Boundaries, and what they show us from beyond. (1)



From the many forms in which the audible appears to us, I have always been particularly interested in those who in a sense make us speechless. Areas that defy words, but which we definitely experience as 'something', not as 'nothing'. Many forms of the audible come close or come to meet language, others seem to elude or even oppose language. But while a certain remoteness to language seems to be almost natural for music, this remoteness for philosophy becomes the deepest possible abyss. The opposite of language coincides for philosophy with silence and nothingness.

Georges Bataille's argument with Hegel's negativity is also a confrontation with his teacher Alexandre Kojéve, who introduced him to Hegelian thought. Kojéve thinks it is romantic or mystical, to quasi ontologize 'the Nothing', so that 'the Nothing' is granted a status of existence. This 'too big' Nothing tears open the unbridgeable rift between the thing in itself and the human being and introduces a split between us and the world, which is a dead end. (The latter formulation could probably have come from Bruno Latour as well.)

Music, on the other hand, seems to have no problems with nothingness. It exactly seems to settle in those areas that can not be reached by words. What is the negative of thought is the realm of music. When the words fall silent, the music can begin. Is music romantic or mystical therefore? Does it contribute to the unbridgeable split?

Even more than the object-subject split, which is underpinned by the 'nothing' that has become 'something', I am particularly interested in the nothing becoming something, or the becoming of the something out of nothing: a something that is palpable, concrete, perhaps even tangible, but definitely differentiable beyond boundaries of language. In this case, the split becomes exactly what allows a transition. The dividing becomes the connecting.

My favorite idea of music (or art) is that of complementarity. Music as something that spells out its own borderline, in order to simultaneously make this border readable the other way round: as the outer edge of the unspeakable.

This metaphysical question may seem a bit removed from the theme of our symposium. However, the bridge between the unspeakable and the metamorphoses of the audible exatcly is complementarity.
The criticism of the principle of complementarity is obvious, because it presupposes that there is always more than what 'is'. That it situates the known in a sea of unknown. This will inevitably be doo[o]med as a dusty metaphysics. Or with more luck as a necessary metaphysics, its necessary minimum. The asceticism frequently practiced by philosophers of modernity, to not to think beyond what can be said, leaves music unexplained.

For the time being, let's stay with the border, with the question: where do we end.
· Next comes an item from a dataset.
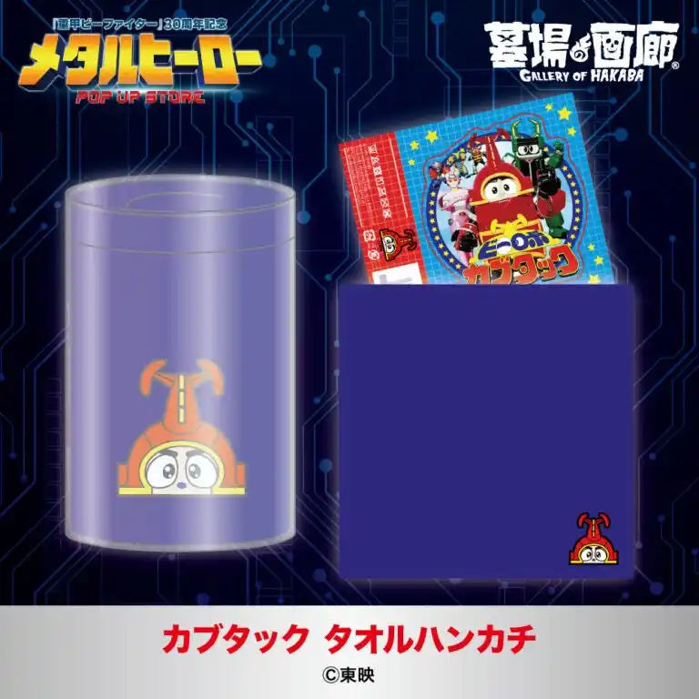 メタルヒーローシリーズの中でも可愛らしさの際立つ『ビーロボカブタック』の愛嬌ある表情が、ワンポイント刺繍で施されたタオルハンカチが登場!当時物を彷彿とさせるファンシーグッズ風のケース台紙はシールにもなっているお得な仕様!ファン必携の愛すべき1枚だ! |

What is actually more metaphysical: to say, "where we end, beginns what we are not," or to say, "behind this end is absolutely nothing; and where we end, ends everything"? Is not the prohibition of thinking negation at least as metaphysical as the "yes to no", the affirmation of negativity, its repeatedly risked traversal in all its multifaceted constellations and its cultural impact on our positivity? At the very least, wanting (or needing) to think beyond is something like a human constant, that is, a positive, a given. Yet, the Parmenidean prohibition to think the negative, or Wittgenstein's asceticism towards the unsayable, is something like a compulsion, such as self-castigation, such as forcing oneself to sit on a nail board. The question about the beyond does not stop, even though we were told a hundred times and 'proved' that there was nothing behind it. From psychology and philosophy to religion and art to lotteries, this question is what urges us. The thought of the negative is not negative itself. The greatest achievements of humanity - from the pyramids and cathedrals to space travel and heart transplantation - are embossed by the 'beyond'.

After all, in the case of music or art, even the thought of a hereafter is not necessarily "mystical." The beyond of art is not the other side of the positively given, to which art can not be as easily attributed. In a way, art is more of a parallel world, something that is added to the given. And thus it negates the assertion of the given to be the totality of the positive. Art shows us the incompleteness of the world. Of course, again and again, philosophy has tried to demonstrate, that the attempt to think the complement of the given, leads us to the negative. But art has other alternatives to offer here.

From the different modes of operation of art I prefer the one to set a frame - not to fill it, but only to set it, as a suggestion, as an invitation to perception. Within the frame, something appears that is not art itself, but is made visible by it. The simplest example of this is the rectangle I shape with my fingers to enclose a frame. The rectangle is that what is made, staged: art, my suggestion for perception. But what you see through the rectangle is: the world? - maybe the world from a certain point of view. So the complement of art might be - and at least in this case: the positive, the given.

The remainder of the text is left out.